From then on, complete exemption from a gift tax is allowed only for family member recipients who reside in Israel and for cash gifts only.17 

 

He adds that the Israeli Parliament doesn’t intend to re-introduce an inheritance tax. An opposition Parliament member suggested such a draft bill two years ago. It’s still hanging around. The recent major legislation (July 2013) for increasing the burden of taxation didn’t revisit the discussion on this suggested estate tax bill. The gift tax has remained untouched.18

 

Italy—Yes, then no, and yes again.
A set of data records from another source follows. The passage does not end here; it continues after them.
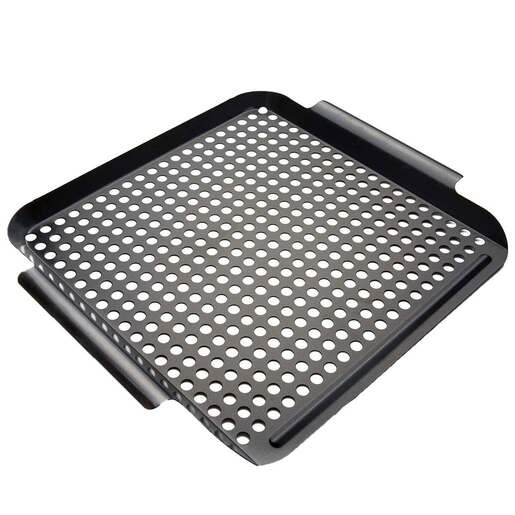 Mr. Bar-B-Q 12in x 12in Non-Stick Grill Topper - Non-Stick Gourmet Topper with Handles. Keeps Small Items from falling through the Grate. Features Raised Edges for Convenient Spatula Use. Non-Stick for Easy Cleaning.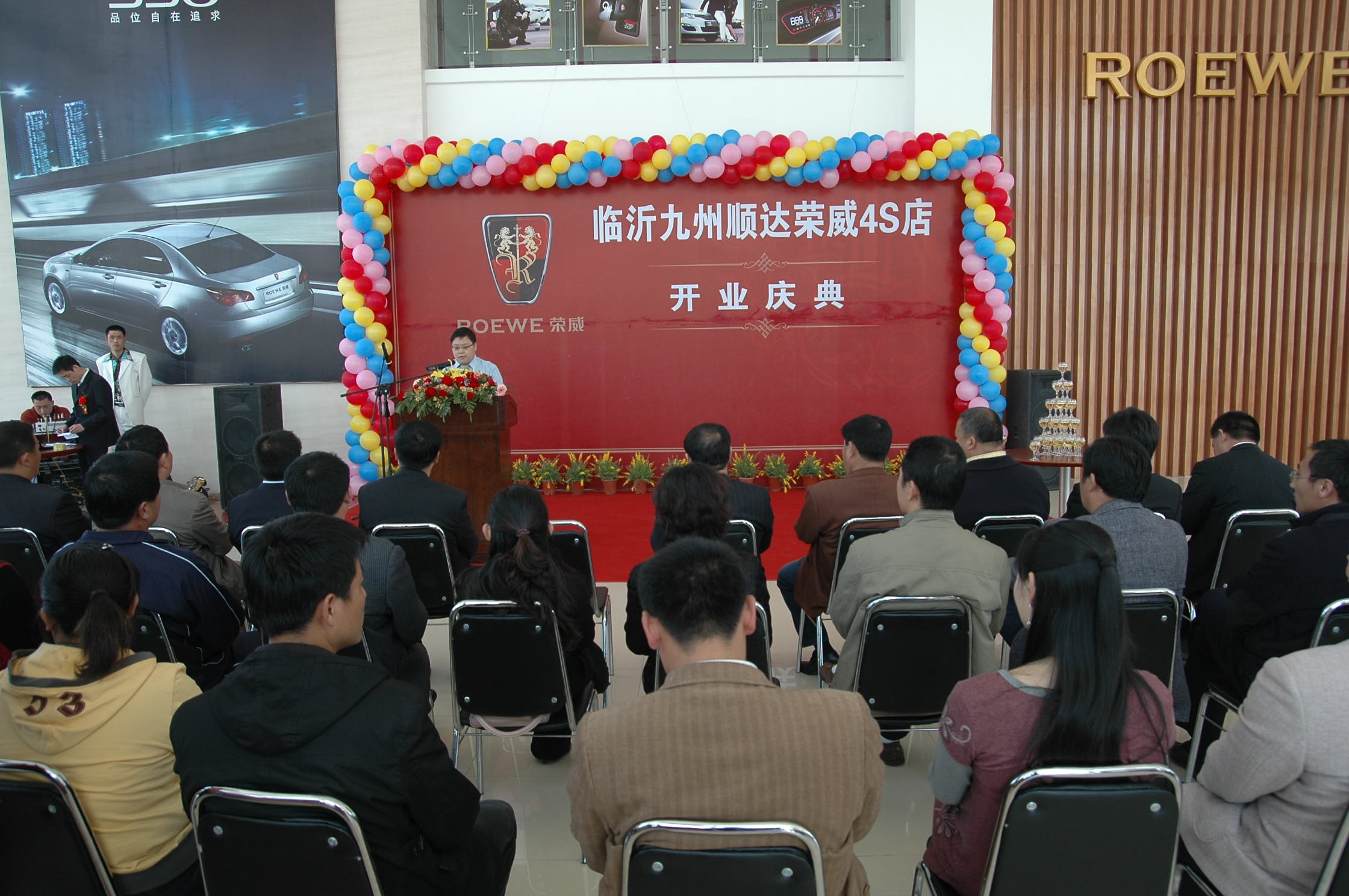 4月16日上午,由山東九州集團(tuán)全資1000余萬建設(shè)的順達(dá)榮威汽車4S店隆重開業(yè),這是九州汽車公司繼奇瑞汽車4S店、長城汽車專營店、華東二手車市場之后又一進(jìn)軍汽車終端市場的大動作。臨沂九州榮威4S店的投入使用,將進(jìn)一步擴(kuò)大山東九州集團(tuán)汽車業(yè)態(tài)的經(jīng)營規(guī)模和經(jīng)營網(wǎng)絡(luò)。臨沂順達(dá)榮威4S店的投入使用,可為廣大臨沂消費(fèi)者提供包括整車銷售、售后服務(wù)、零部件供應(yīng)和信息反饋在內(nèi)的一系列優(yōu)良、專業(yè)、便利的服務(wù)。 (一)車型展示 (二)領(lǐng)導(dǎo)講話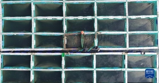 5月19日,廣鹿島鎮(zhèn)的漁民在轉(zhuǎn)運(yùn)海參苗(無(wú)人機(jī)照片)。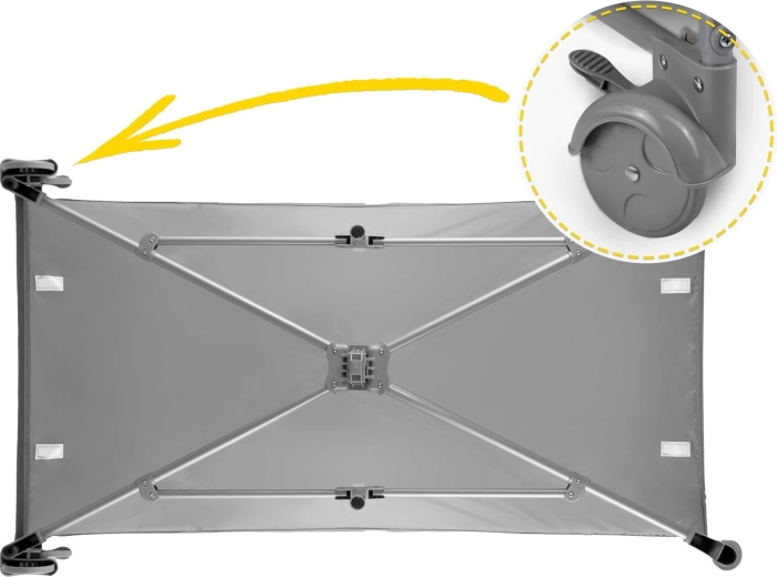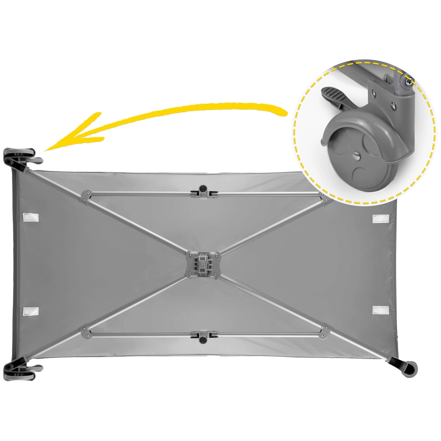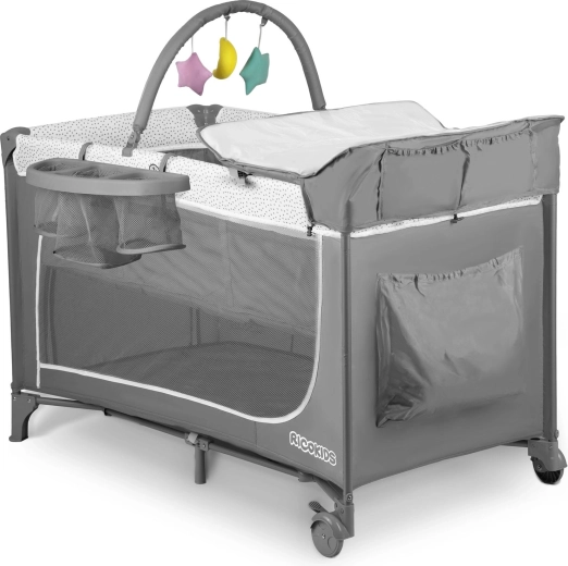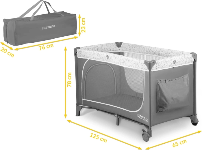 Pakken indeholder sammenklappelig madras, puslebord, legetøjsbøjle, praktisk organizer og lomme samt transporttaske. Hjul med bremse gør det nemt at flytte den rundt i hjemmet og sikrer stabil placering. Den robuste konstruktion uden skarpe kanter og lås mod utilsigtet sammenklapning øger sikkerheden. Sengen foldes hurtigt ud og sammen – ideel til rejser, besøg og daglig brug.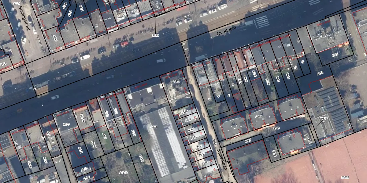 Kattenlaan 55 is gelegen op kadastraal perceel ASD17U9481. Deze kadastrale aanduiding is uniek en wordt gebruikt door het Kadaster om eigendomsrechten en andere zakelijke rechten vast te leggen. Het perceel maakt onderdeel uit van de kadastrale gemeente Amsterdam.
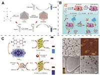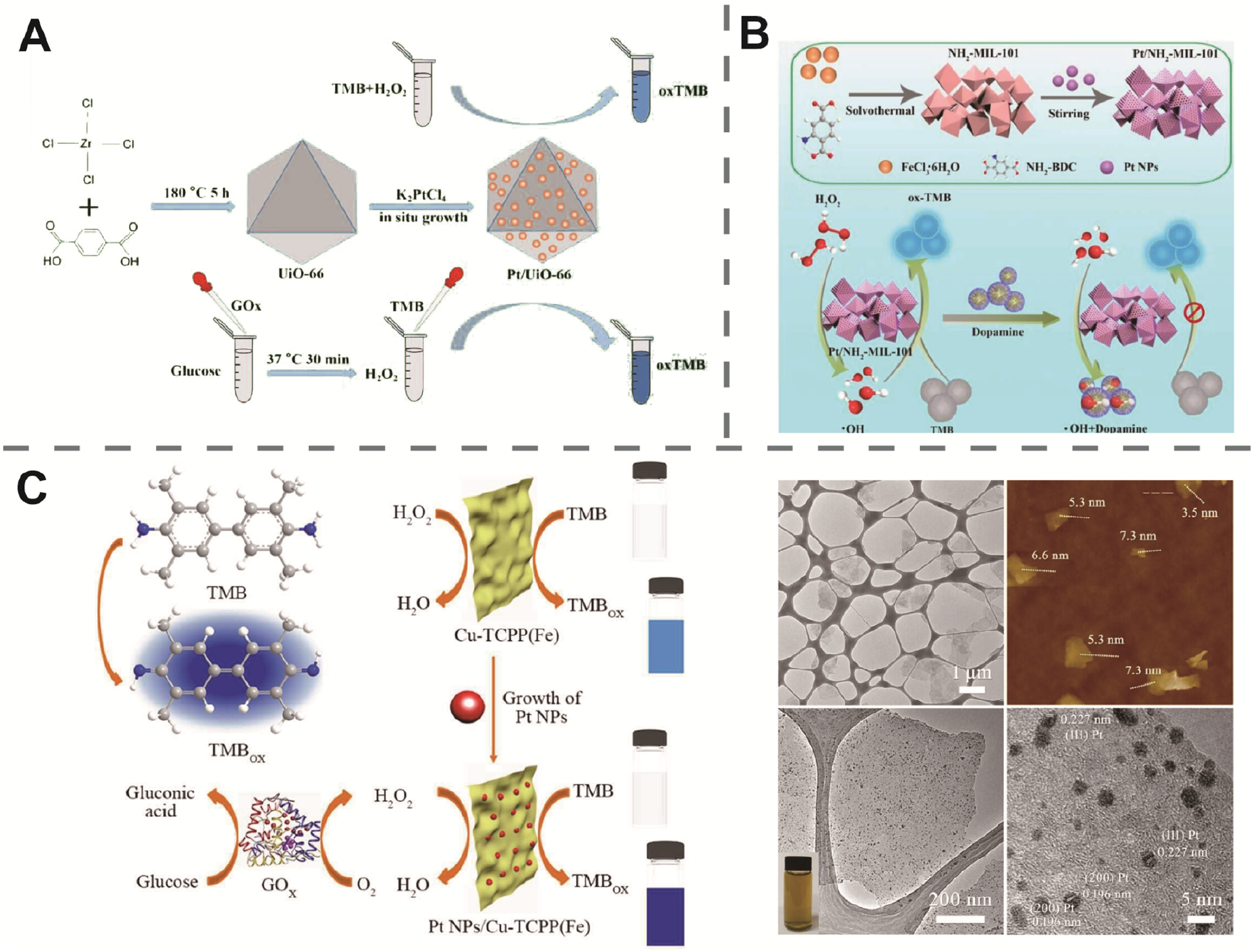 | Fig. 7. (A) Schematic illustration for the preparation of the Pt/UiO-66 hybrid nanozymes and detection of glucose. Reproduced with permission [139]. Copyright 2021, American Chemical Society. (B) Schematic illustration of the synthesis of Pt/NH2−MIL-101 and the detection of dopamine. Reproduced with permission [146]. Copyright 2021, MDPI. (C) Schematic illustration of the synthesis of Pt/Cu-TCPP(Fe) composites and their application in the colorimetric detection of H2O2 and glucose. Low-magnification TEM image of Cu-TCPP(Fe) nanosheets. AFM image of Cu-TCPP(Fe) nanosheets. TEM image of PtNPs/Cu-TCPP(Fe) hybrid nanosheets. Inset: Photograph of the PtNPs/Cu-TCPP(Fe) hybrid nanosheets solution. HRTEM image of PtNPs/Cu-TCPP(Fe) hybrid nanosheet. Reproduced with permission [150]. Copyright 2018, American Chemical Society. | |

The inheritance taxes that were abolished were put back into effect in January 2007, although the current maximum rate is only 8 percent. Carlo Dalla Vedova of Dalla Vedova Studio in Rome and Milan summarizes the
current law:

 

A spouse and each child and ascendant can receive €1 million before there’s a tax, which is 4 percent on the excess; each sibling can receive €100,000 with a 6 percent tax on the excess; any beneficiary with a disability can receive
€1.5 million before there’s a tax,  which is then
6 percent tax on the excess; and any others are taxed at 8 percent.19

 

For property, taxation is based on the “valore catastale” (that is, the local land registration records), and not the  “market value,” which is usually higher. This makes Italy interesting for investing in the real estate market.

 

Japan—Yes. According to Hitomi Sakai of the Kojima Law Offices in Tokyo, to close the difference between the rich and the poor and maintain the equality of wealth in the economy, there’s been a recent movement to increase the inheritance tax and reduce the tax deduction. A revision to the inheritance tax in Japan was scheduled for April 2011. However, it was delayed because of the Japan Great Earthquake on March 11, 2011. In March 2013, an important amendment to the Japanese inheritance law was enacted. Under current law, only 4 percent of heirs are obliged to pay Japanese inheritance tax, but due to this tax reform, it’s anticipated that more than 6 percent of heirs will need to pay Japanese inheritance tax.20

The outline of the reforms that have significant impact on the inheritance and gift taxes are:

 

1. Reduction of basic deduction of inheritance tax.
Currently, an exemption of the first ¥50 million plus ¥10 million per statutory heir is available as the basic deduction. But, the amendment will reduce the basic deduction to ¥30 million plus ¥6 million per statutory heir. 

 

2. Increase of tax rates of inheritance and gift tax.
The top rates of inheritance and gift tax will increase from 50 percent to 55 percent. The taxable amounts for the tax rates are also changed.  

 

The above amendments will take effect on
Jan. 1, 2017. (For more information on Japanese inheritance law, see “Navigating United States–Japan Estate Planning,” in this issue, p. 65.)

 

Liechtenstein—No more. It had both an estate and an inheritance tax. The estate tax had rates up to
5 percent. The inheritance tax had rates up to 27 percent. Both were abolished on Jan. 1, 2011.

 

Luxembourg—Yes, with rates up to 15 percent. But, inheritances by direct descendants and ascendants are exempt from the tax. Also exempt is the inheritance of a spouse if he had common children with the deceased.

 

Mexico—No, the federal inheritance tax was abolished in 1962. But, notario Francisco Fernandez Cueto adds that when real estate is inherited, the 32 states (and one federal district) collect a transfer of real property tax, whose rates vary by jurisdiction, up to 4.5 percent.21 Also, there’s a federal income tax of 25 percent when a foreign national inherits real property in Mexico; for a Mexican heir, the tax, which can reach 28 percent, isn’t imposed until there’s a subsequent sale (when carryover basis applies). A recent initiative is proposing a rate increase to 32 percent on this federal tax, as of
Jan. 1, 2014. 

 

Monaco—Yes, with rates up to 16 percent.

 

Netherlands—Yes, with a maximum rate of 20 percent (10 percent for acquisitions up to approximately €118,000) for spouses and children. The rates for descendants in the second and further degree are multiplied by 1.8. Acquisitions by other persons are taxed at a maximum rate of 40 percent (30 percent for acquisitions up to approximately €118,000).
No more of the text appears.